In this manuscript, Huang and colleagues study the effect of HFD on anxiety behavior and found that mice exposed to HFD for 4 weeks exhibited anxiolytic-like behaviors. The authors demonstrate the anxiolytic effects of HFD due to the increased expression of BDNF and p-TrkB in the mPFC, while the administration of a BDNF neutralizing antibody blunts these anxiolytic effects. These findings suggest that the BDNF-TrkB signaling pathway in the mPFC mediates the subjects' anxiolytic behaviors.

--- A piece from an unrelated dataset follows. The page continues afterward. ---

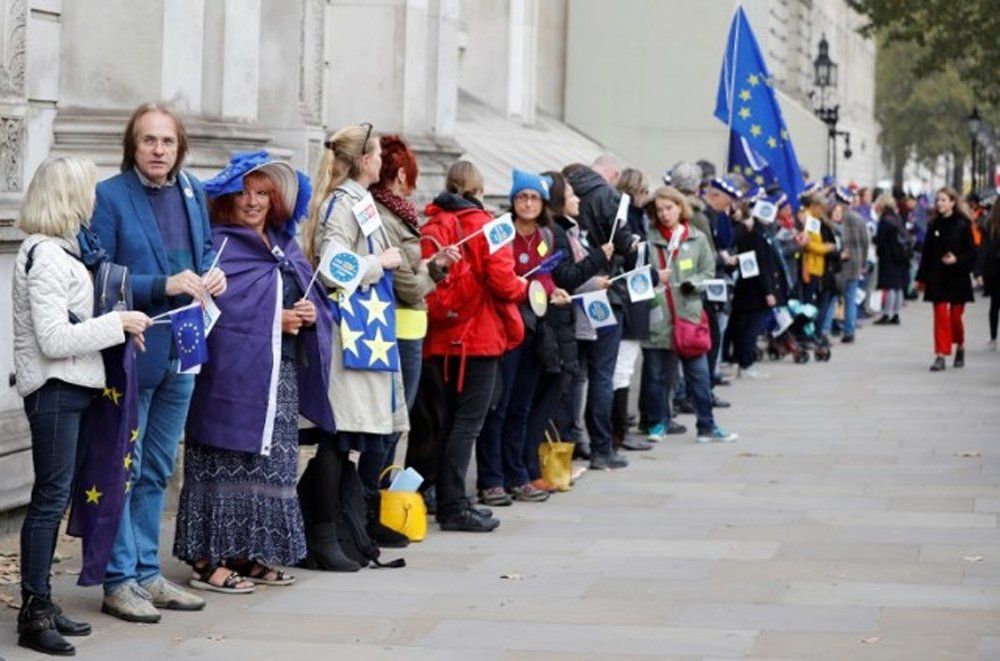 Cientos de ciudadanos europeos formaron una cadena humana frente a las oficinas de la primera ministra británica en Downing Street para exigir que se garantice su estatus en caso de un Brexit sin acuerdo.

This study provides a clear and comprehensive exploration of how HFD mediates anxiolytic behaviors. The results are straightforward and lend support to the conclusions. However, I have two major concerns that, if addressed, would enhance the manuscript.:

1.       In the Results section, the authors conducted a series of behavioral tests to address this topic. However, the total number of mice used in this experiment appears to vary across these tests. Did the authors exclude any outliers from the behavioral tests? If so, the authors should define the criteria for identifying outliers and describe this process in the Statistical Analysis section.

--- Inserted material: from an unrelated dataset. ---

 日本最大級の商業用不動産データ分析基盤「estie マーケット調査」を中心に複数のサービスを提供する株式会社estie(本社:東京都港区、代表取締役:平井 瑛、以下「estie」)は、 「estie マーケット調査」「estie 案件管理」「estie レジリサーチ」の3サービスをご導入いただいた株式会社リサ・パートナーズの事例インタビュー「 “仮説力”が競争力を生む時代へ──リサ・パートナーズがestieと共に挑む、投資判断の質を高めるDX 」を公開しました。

2.       In the Results section, the authors conducted a comprehensive analysis of anxiety-related behaviors. However, in Section 3.3, it is unclear how the BDNF neutralizing antibody affects the number of transitions between the open arms of the maze. This is significant because the Elevated Plus Maze (EPM) assay is a crucial measure of anxiety.

Author Response

Dear Reviewer,

Thank you for your positive and constructive comments and suggestions. We have substantially revised our manuscript after reading the comments provided by the reviewers and uploaded the revised version together with our responses to the reviewers. In the revised manuscript, all the changes are highlighted in red for easy inspection. We hope these revisions can make our paper more acceptable. The revisions were addressed point by point below.

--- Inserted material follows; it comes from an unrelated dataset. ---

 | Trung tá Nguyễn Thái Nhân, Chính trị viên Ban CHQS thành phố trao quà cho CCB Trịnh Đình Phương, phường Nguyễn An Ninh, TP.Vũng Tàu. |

Comments 1: In the Results section, the authors conducted a series of behavioral tests to address this topic. However, the total number of mice used in this experiment appears to vary across these tests. Did the authors exclude any outliers from the behavioral tests? If so, the authors should define the criteria for identifying outliers and describe this process in the Statistical Analysis section.

Response 1: Thank you for your valuable comment. In Figure 1C, the EPM experiment involved 9 mice per group. In Figure 1D, the LDT experiment had 8 mice in the CD group and 9 mice in the HFD group. In Figure 1E, the OFT experiment included 11 mice in the CD group and 12 in the HFD group. The inconsistency in the total number of mice used in these experiments arose because during the LDT experiment (Figure 1D, Figure 3D), there was a systematic error with the LD box, rendering the data unanalyzable and leading to the exclusion of individual mice from the experiment. Although the mice used in the OFT experiment (Figure 1E) were from a different batch than those used in Figures 1C and 1D, consistent results were obtained from repeated experiments, supporting the conclusions of our study. To prevent any misunderstanding by the reviewers and readers, we have replaced the mice used in the behavioral experiments in Figure 1 with a single batch. The specific number of mice used in each experiment is detailed in the figure legends. These changes do not affect the framework and outcomes of the manuscript.

Comments 2: In the Results section, the authors conducted a comprehensive analysis of anxiety-related behaviors. However, in Section 3.3, it is unclear how the BDNF neutralizing antibody affects the number of transitions between the open arms of the maze. This is significant because the Elevated Plus Maze (EPM) assay is a crucial measure of anxiety.

Response 2: Thank you for your valuable suggestion. We have provided the images of open arm entries about how the BDNF neutralizing antibody affects the number of transitions between the open arms of the maze. According to the images below for the response, we found that BDNF neutralizing antibody can significantly reduce the number of transitions between the open arms induced by the four-week high-fat diet.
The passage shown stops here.